On guard: Commander of the Vatican police force Domenico Giani keeps watch as Pope Francis arrives to celebrate Mass with bishops, priests and members of religious orders in the Cathedral of the Immaculate Conception in Manila, Philippines, in this January 16 file photo.
Photo: CNS/Paul Haring

THE head of Vatican security said Islamic State militants have threatened the Vatican, but there are no indications of any planned attack.

The Vatican gendarmes, Swiss Guards and the Italian state police that patrolled the perimeter of Vatican City State were always on high alert, the commander of the gendarme and the pope’s chief bodyguard Domenico Giani said.

“There are not only the threats of the Islamic State, but also the risk of action by individuals, which is more dangerous because it is unpredictable,” he said in an interview for the March edition of Polizia Moderna, the monthly magazine of the Italian state police.

For months, there have been rumours of threats against the Vatican or Pope Francis by the Islamic State militants who are attacking Christians, other religious minorities and Muslims they do not agree with in Syria and Iraq. Concern heightened in February when militants claiming to be allied with the Islamic State group murdered 21 Christians in Libya, which is less than 480km from the Italian mainland.
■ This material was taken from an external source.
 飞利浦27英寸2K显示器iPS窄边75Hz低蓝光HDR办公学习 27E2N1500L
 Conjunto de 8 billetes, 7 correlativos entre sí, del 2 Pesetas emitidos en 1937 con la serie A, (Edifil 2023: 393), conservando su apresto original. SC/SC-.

“The threat exists,” Mr Giani said. “That is what has emerged in meetings with my Italian and foreign colleagues. But the existence of a threat is one thing and planning an attack is another. At this time, we have not been informed of any plans to attack the Vatican or the Holy Father.”
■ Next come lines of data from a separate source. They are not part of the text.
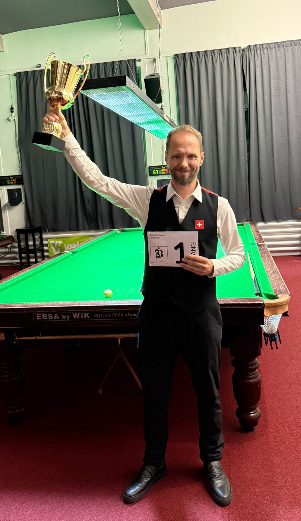 Risto Väyrynen gewinnt das Benteli's Snooker Open in extremis. Im Finale gegen Jenson Schmid zeigt der alte Fuchs seine Klasse und holt im Decider 4 Snooker für eine respottet Black auf und locht danach die schwarze Kugel zum Sieg.
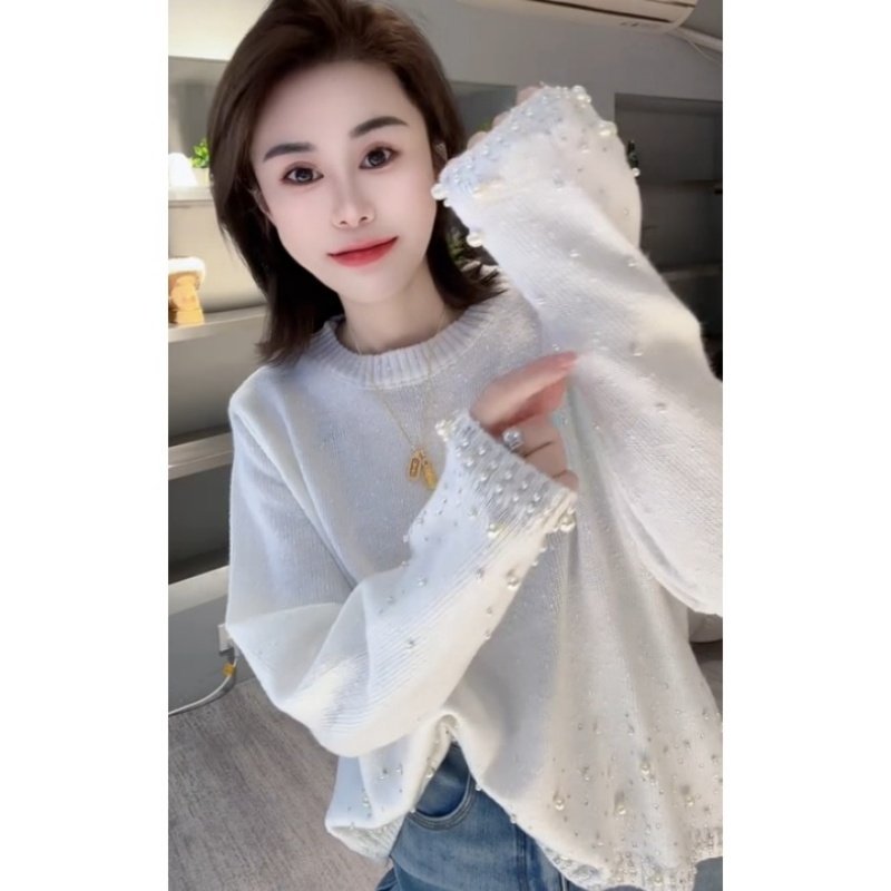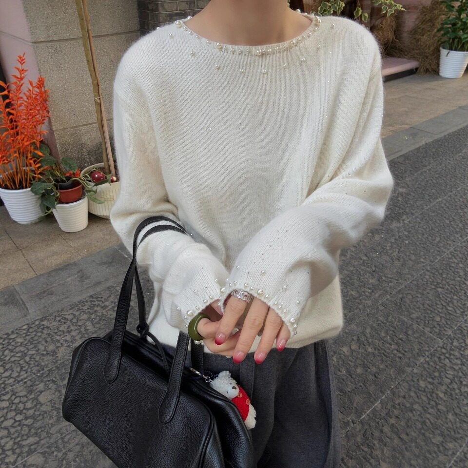 欧货重工烫钻珍珠长袖针织衫女2025冬季新款高级宽松慵懒套头毛衣
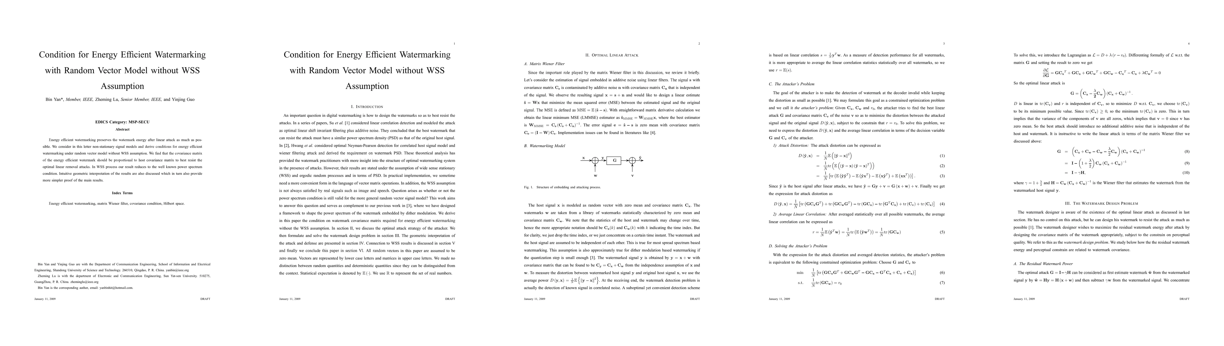 This research derives conditions for energy-efficient watermarking in non-stationary signals, without the Wide-Sense Stationarity (WSS) assumption. It finds that the watermark's covariance matrix should match the host's proportionally for optimal resistance against linear attacks. The findings also offer a simpler proof and geometric interpretation.

Mr Giani, who worked in the Italian secret service before moving to the Vatican, said he was in frequent contact with Italian and other government intelligence services, including some from predominantly Muslim countries. “I can say that today the pontiff is seen and respected by Muslims as the most influential moral authority in the world – and that is on the part of both religious and civil leaders,” he said.

Asked how Pope Francis was living with the threat, Mr Giani said: “The Holy Father does not intend to abandon the style of his pontificate, which is based on proximity, that is, on a direct encounter with the greatest number of people possible. Even as pontiff, he has remained a priest who does not want to lose contact with his flock.”

“Those of us entrusted with his security must adapt to his style and not the other way around,” he said. “We must do everything possible so that he can continue to carry out his ministry as he wants and believes is best.”

Mr Giani said Pope Francis “is well aware of the threats” against him, “but his only concern is for the faithful”.

The Apostolic Palace, where Pope Francis chose not to live, “is more difficult to access” than the Domus Sanctae Marthae, where he had taken up residence, Mr Giani said. “But as I said, the Holy Father has chosen a way of living and does not intend to change it because of a potential risk.”

In addition to his constant collaboration with the Swiss Guard and Italian police forces and his contact with a variety of security services, Mr Giani said the Vatican was aided by a high-tech operations centre and “thousands of security cameras installed” in Vatican City and in Vatican buildings around Rome.

Asked if his office ever tapped telephones, he said, “it happens sometimes”, but rarely.